___ Supplied material

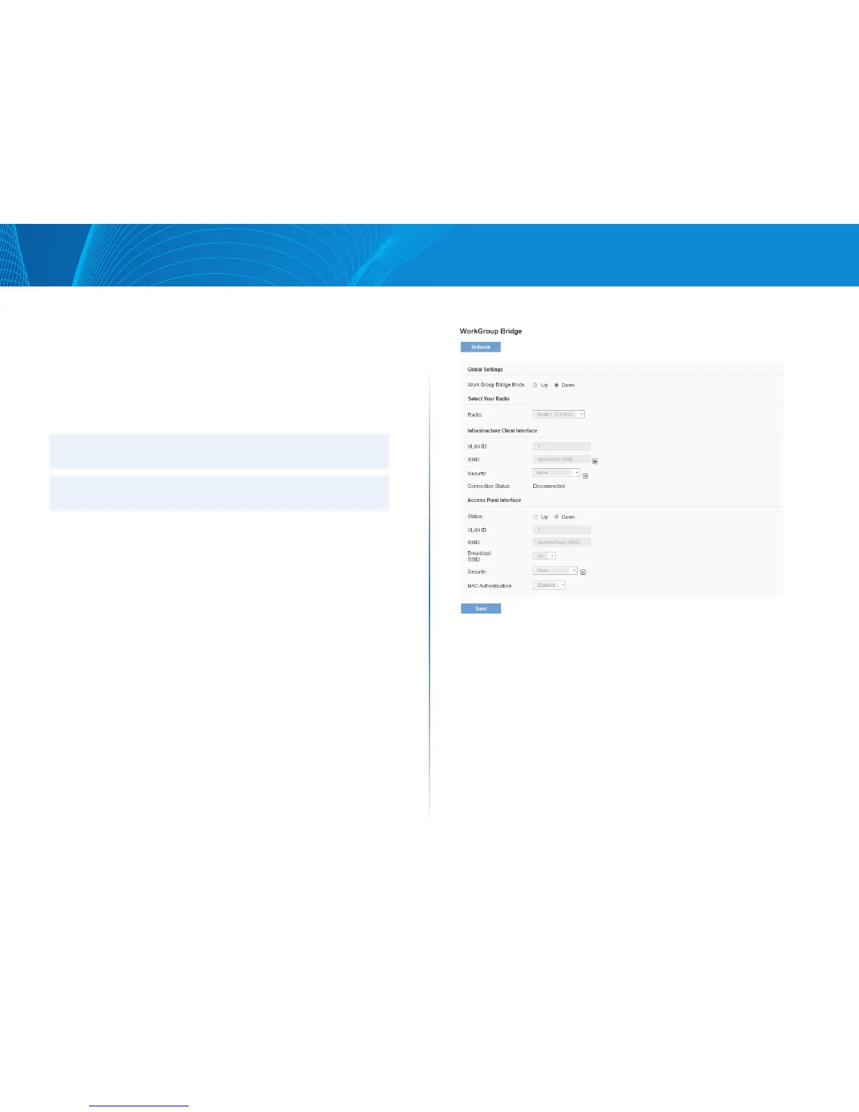 To configure the Workgroup Bridge settings, click the Configuration > Wireless
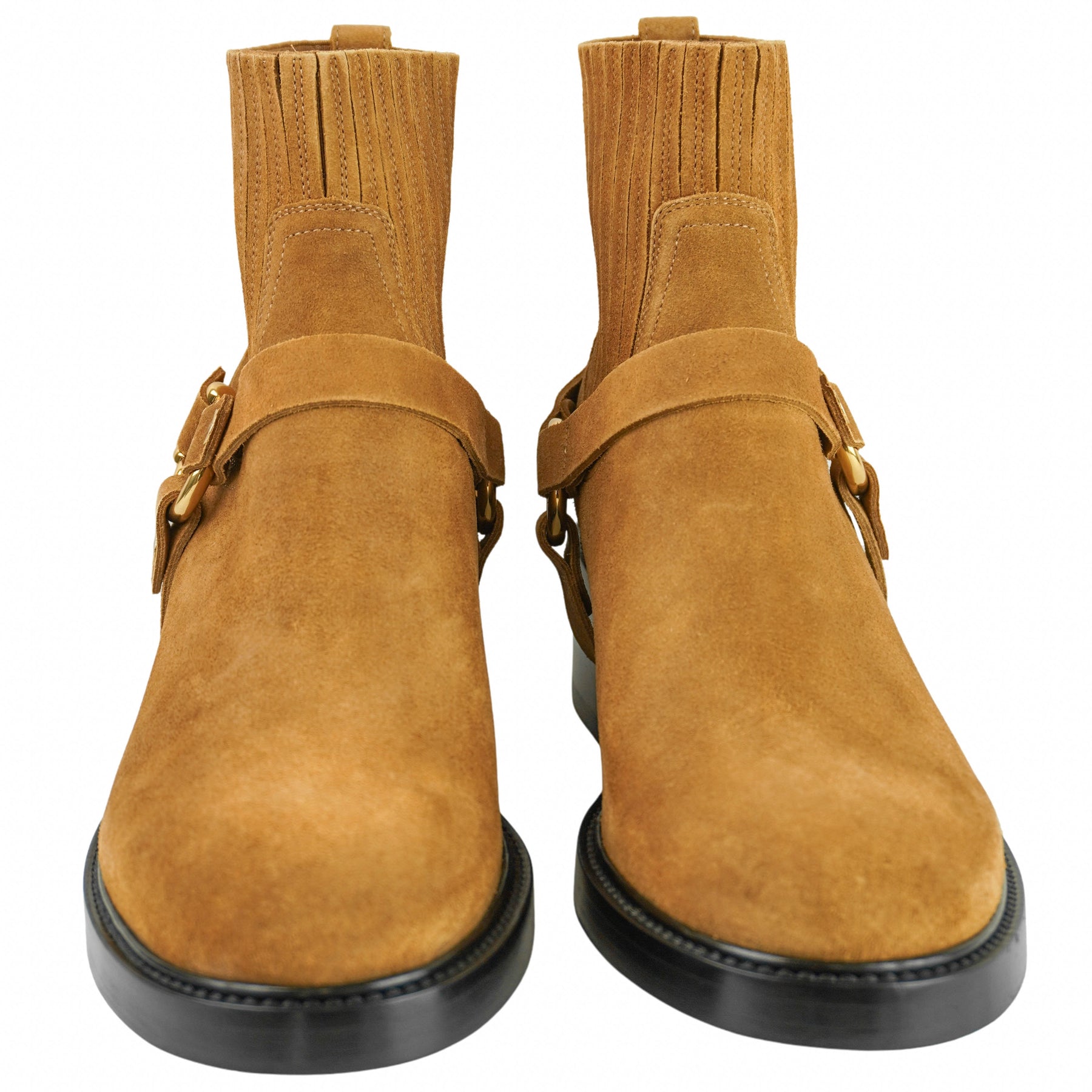 Chloé Heeled Suede Ankle Boots in Gold Brown
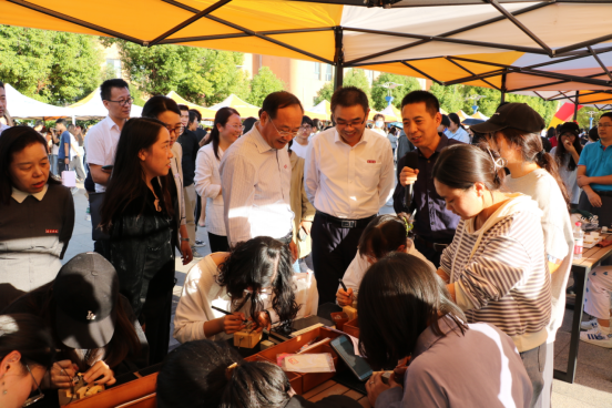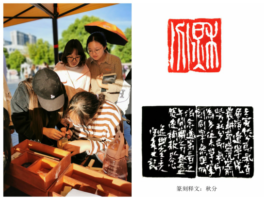 纪敏教授和徐健老师指导的篆刻团队与学生们分享了篆刻艺术,从未摸过篆刻刀的同学们,积极踊跃,共同创作了“秋分”一印,线条优美,刀趣盎然。

______

Work task: Set the pictures aside and transcribe the data above exactly.

Response area:
 To configure the Workgroup Bridge settings, click the Configuration > Wireless
 Chloé Heeled Suede Ankle Boots in Gold Brown
 纪敏教授和徐健老师指导的篆刻团队与学生们分享了篆刻艺术,从未摸过篆刻刀的同学们,积极踊跃,共同创作了“秋分”一印,线条优美,刀趣盎然。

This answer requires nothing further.